Video Report by ITV News Science Editor Tom Clarke
These pictures show inside one of the first vaccination clinics in the UK where jabs are expected to begin as soon as next week.
University Hospital Coventry, where the clinic is situated, had to be specially adapted due to the logistical problems of distributing the Pfizer/BioNTech vaccine.
The UK regulator approved the Pfizer vaccine on Wednesday and vaccinations are expected to start on Tuesday - a total of 53 hospitals will start administering the vaccine.
Mark Easter, Director of Pharmacy, said the hospital had to install a new freezer for the vaccine, as it has to be stored at minus 70C.

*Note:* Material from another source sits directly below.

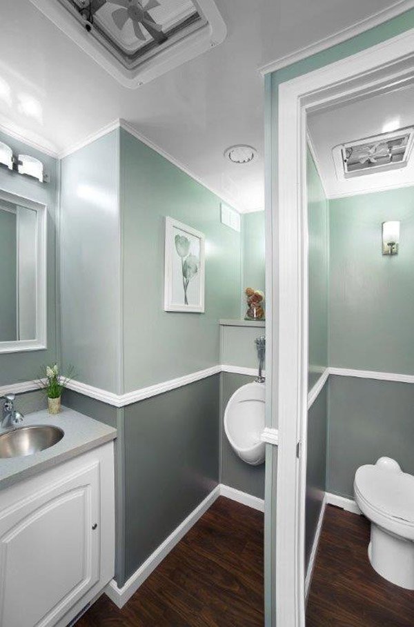 Our four-stall restroom trailer is perfect for larger weddings, corporate events, and remodels. We offer two different floor plans. One is a multi-stall unit featuring two exterior entries (male and female), with two toilet stalls and a sink/vanity on the female side and a toilet stall, a urinal, and a sink/vanity on the male side.  The other floor plan features four private stalls with exterior entrances.  All four stalls feature a toilet and sink/vanity.

He said once it is removed from storage all 975 doses per batch have to be thawed for three hours.
After that, all 975 doses have to be transported to a ward, where it is again refrigerated, before being put into a syringe for injection.
Each step in the process lowers the shelf life of the vaccine so a quick and smooth procedure is vital.
Intensive Care Nurse Andy Jones is expected to be one of the first to receive the vaccine.
He said it would be a "huge benefit for us and our patient group".
The hospital is planning on providing their at-risk medical staff, local care home staff and vulnerable patients the vaccine first.
Because of the difficulty with storing the vaccine injections will only be carried out in the hospital.
Elderly residents in care homes, who were at the top of the priority list, will no longer be the first to receive the jabs due to difficulties in storing and transporting the vaccine.
Pfizer and BioNTech have said the jab can be sent to care homes, as long as the vaccine travels for no more than six hours after it leaves cold storage and is then put in a normal fridge at 2C to 8C.
Dr Danielle McSeveney told ITV News it looks like the Pfizer vaccine will be "unworkable" for administering in care homes.
She said: "Hopefully it won't be too long before we're having a different conversation because we've got the next one coming."
Two nurses demonstrating the vaccination process
Some 800,000 doses of the Pfizer vaccine are expected to be in the UK by the end of next week out of a total 40 million the government has ordered.
The 40 million doses will be enough to innoculate 20 million people as two separate injections three weeks apart are needed.
The Joint Committee on Vaccination and Immunisation (JCVI), which advises ministers, has said care home residents and staff should be prioritised for the jab, followed by those aged 80 and above and frontline health workers, then younger age groups and the clinically vulnerable.